The driver of the recent moves in the Chinese and North Asian markets has principally been domestic retail investors. As shown in Chart 3 and 4 the turnaround in domestic retail sentiment in Asia has been quite dramatic since the end of March, with significant retail investor buying. Margin balances are also rising sharply (Chart 5) and some of the recent IPOs in Hong Kong are running at oversubscription rates of 200-300 times, the typical levels at the peak of past speculative fervours (Chart 6) in Asia. It would be fair to say the traffic lights are very much flashing amber - and we believe caution is warranted at this point.

With bubbles seemingly spreading in pockets of the market, we need to ask ourselves a few questions:

1.         So how big is the bubble?

2.         How dangerous is the bubble?

3.         How long might it last?

How big is the bubble?

The bubble at the moment is not that broad-based, but in some sectors this froth has now become worrying as prices appear to have risen to unsustainable levels.
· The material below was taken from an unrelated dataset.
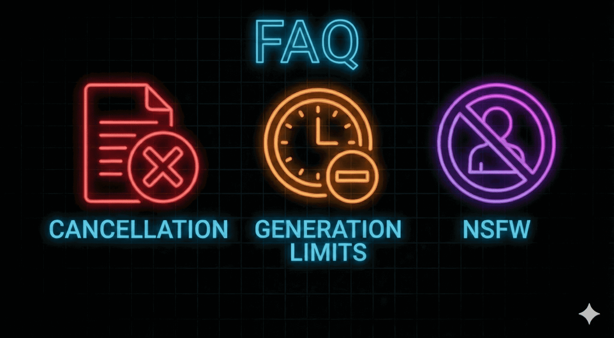 よくある質問は、解約の扱いや生成制限、禁止事項(NSFWを含む)です。3つの質問をまとめています。

This bubble has some parallels with the TMT bubble of 1999/2000, and it appears to be concentrated in stocks related to the "BEVI" sectors:

B - Biotech and any related pharma stocks - ideally those with no revenues and just a pipeline of hopes and dreams.

EV - Any stock that makes a widget, valve, semiconductor, or battery that might be used in an electric car - and of course particularly a Tesla. It doesn't matter if they have orders, just as long as they can talk about potential ones at an indeterminate date in the future.

I - Internet and any tech companies that can claim they have an internet, cloud, e-commerce, working from home, mobile gaming angle. Ideally, you want companies where losses are still expanding, ideally even faster than revenues and where the model is "new" and untested, but just bound to be loved by Generation Z.

For those who can recall 1999/2000, the current environment will bring back memories of the TMT bubble. And of course, true to form, the ever-creative sell side are creating new valuation measures and challenging each other to come up with sillier price targets for many stocks in these sectors.

The bubble-like conditions in these sectors are quite big for some individual stocks. Biotech stocks are probably the silliest. There are plenty of examples, but a couple stood out for us. One has quadrupled its market cap since its IPO in mid-June; it has no revenues and just a pipeline of which only one or two drugs look potentially material as of today.

Another biotech firm's share price has risen over 20 times this year. We've struggled to find much information about its business, but this firm with a market cap of $6 billion appears to have 60 employees and no revenues.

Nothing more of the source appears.